In thу case of русский double "c" is a fact of orthografy and not etymology (second "c" is a part of the suffix -ск-.
In the general, as far as I know, in the proper Russian words consonants are never doubled phonetically, save of the junction of the prefixes and the roots (поддать, рассеять, отточить, etc.). In other cases, even though the consonants are doubled in the writing like in the junction of the root and the suffix or in the borrowed words, we still pronounce them undoubled (профессор, корректор, раненный, Переславль-Залесский) with the very few exception like in some one-syllable roots (данный, конный).
Therefore doubled consonant in the root of the relatively recently appeared word is really the clear hint it was borrowed.


----------



## Maroseika

cyanista said:


> I'd definitely exclude German judging from the word's phonetics.
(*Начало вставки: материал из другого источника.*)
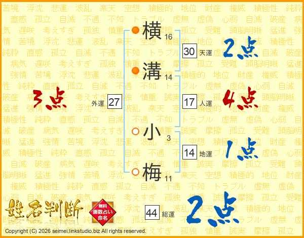 横溝小梅さんの総運は44画の2点!
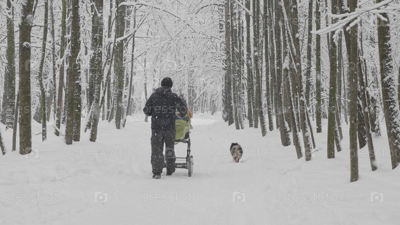МОСКВА - 17 ЯНВАРЯ: зимняя прогулка отца с ребенком в коляске с собакой 17 января 2018 года в Москве, Россия
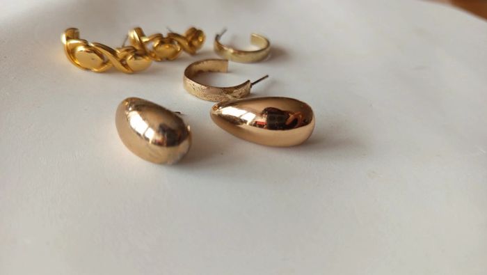 3 paires de boucles d'oreilles dorées Style vintage État satisfaisant car la couleur peut avoir un peu usé #dore #dorado #golden #bijou #bisuteria #lot #lovisa #paires #plusieurs #ensemble #joyeria #bouclesdoreilles #earrings #vintage #oldies #pendientes #aretes #femme #mujer #woman #elegant #chic #grossesboucles #dafnezbijou #dafnezfemme
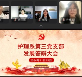为了进一步加强员工党支部的建设,提高党员队伍的整体素质,为支部输入新鲜力量,K1体育护理系第三党支部于2024年11月15日18:00在钉钉线上召开发展答辩大会。本次发展答辩大会由汪玲玲老师主持,出席大会的有护理系第三党支部书记汪玲玲老师和全体员工党员,以及参与答辩的六名入党积极分子。
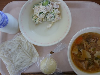 牛乳 にくうどん おからサラダ むしパン
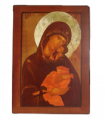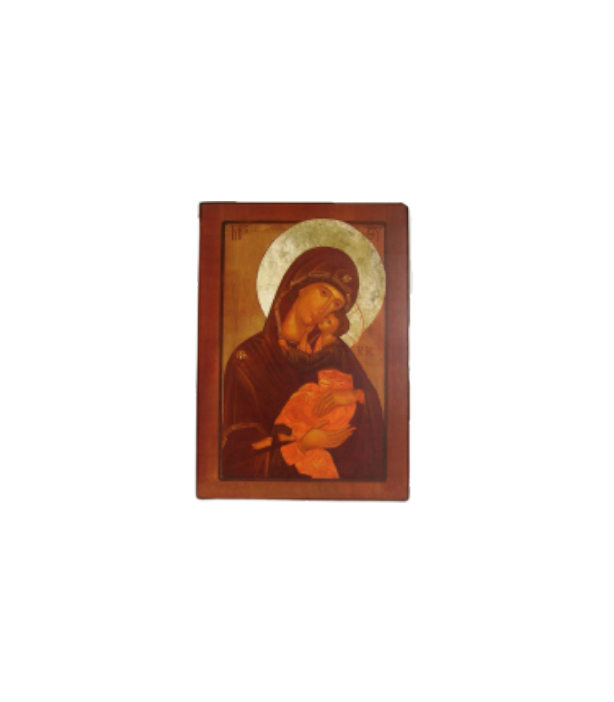 La Mère de Dieu porte trois étoiles sur son vêtement, signe de sa virginité, comme le chante la liturgie byzantine : "Vierge avant l'enfantement, Vierge tu as enfanté, et Vierge tu demeures"
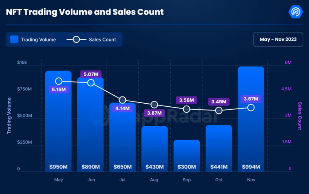 Kako se kripto tržišta okreću ka rastu, trgovina nezamjenjivim tokenima (NFT) počinje da se pridružuje toj talasu, sa obimom trgovanja koji se približava 1 milijardi dolara u novembru, prema podacima koje je objavila platforma za praćenje decentralizovanih aplikacija DappRadar.
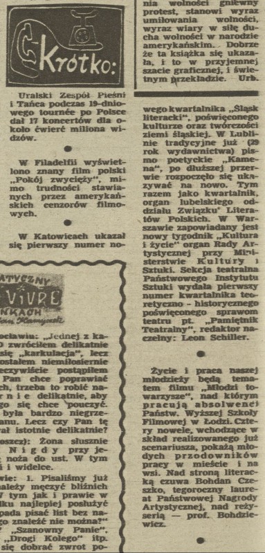 Archiwum / Krótko nr 386 (35/1952) 13443/123969 Podziel się Tytuł Krótko Rubryka Krótko Artykuł z numeru 386 (35/1952) Data wydania 31 sierpnia 1952
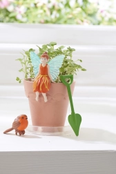 De charmante fee met blauwe vleugels en haar vriendje, het vogeltje Robin, geven het bloempotje een sprookjesachtige uitstraling en laten elke kinderkamer stralen.

A lot of French words came into Russian thru German-Polish mediation.


----------



## Kolan

En français буквально это будет passe-à-tige, что не лишено некоторого смысла (и звучит весьма похоже на многие другие французские устойчивые выражения), однако, требует толкования, типа мы с собой в Париже нужны как в бане пассатижи. 

Как, например, chantera pas, шантрапа, за которой стоит целый исторический анекдот.

Я попробую сформулировать этот вопрос на французском форуме.


----------



## Q-cumber

Это устройство гораздо чаще называют "плоскогубцы".


----------



## palomnik

Maro, my best guess is that it comes from French _passe_ _à tige_. While it's not a standard French word, it does seem to fit the parameters of long stem pliers.

Maybe it was a French brand name; a handful of those broke into general use in Russian - witness the word карандаш.

*The discussion about карандаш** is moved to this thread.
Frank
Moderator EHL
*


----------



## Kolan

На французском форуме быстро сообразили, о чём может идти речь.

http://forum.wordreference.com/showthread.php?p=3229851#post3229851

Правильный исходный французский термин - это *passe-tige, пассъ-тижъ* (ход, проход, движение вдоль стержня, стебля, сердцевины), который означает инструмент для зачистки концов (изолированных) электрических проводов и, возможно, их сгибания и механического соединения, чему и могли служить пассатижи в своём оригинальном варианте. Сейчас это может быть универсальный ручной инструмент с большим разнообразием функций, из которых обработка концов проводов является первичной. 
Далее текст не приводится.